The matrices U and V are unitary matrices of the left and right singular vectors of matrix A, and S is a diagonal matrix with singular values σi of A. Observe that the NCI index is a characteristic property of the corresponding document-entity matrix as a result of it is calculated from its singular values σi.

As a result of the number of documents adjustments each day, whereas the number of entities stays constant, all NCI indices in our analyses are normalised by dividing them by the number documents in the corpus, m. We've statistically confirmed that the NCI is significantly above the level of fluctuations of the cohesiveness random null model (see Section 2 of the Supplementary Data ).

We adopt the terminology from 9 and treat our news-primarily based indicators (NCI variants and entity incidence) as indicators of the data supply in online media, whereas volumes of Google search queries are treated as indicators of knowledge demand.

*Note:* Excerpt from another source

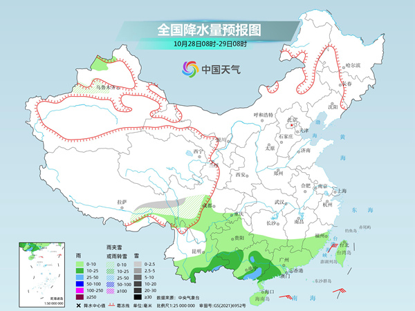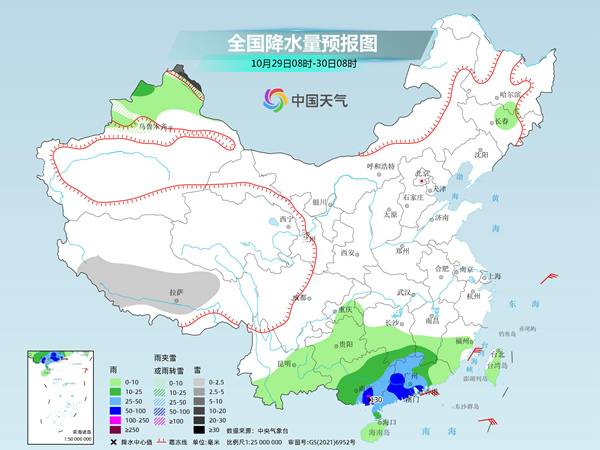 周日,江南降雨基本結(jié)束,最強(qiáng)降雨會(huì)出現(xiàn)在廣東、廣西,局地有大暴雨。新疆北部、西藏中部等地的部分地區(qū)有小到中雪或雨夾雪,其中,新疆北疆北部的部分地區(qū)有大到暴雪;江南南部、華南大部等地的部分地區(qū)有中到大雨,其中,廣西東南部、廣東中西部等地的部分地區(qū)有暴雨,局地大暴雨。

Data supply indicators: cohesiveness index primarily based on all the news from NewStream (NCI), cohesiveness index primarily based only on filtered financial news from NewStream (NCI-financial), whole entity occurrences primarily based on the combination from all news documents and whole entity occurrences primarily based on strictly financial documents from NewStream.

Deciding on financial documents also improves the correlation with other financial indices as shown in Figure 5 For more details concerning the number of financial documents and how it affects correlations with several other indices, see Section 3 of the Supplementary Data.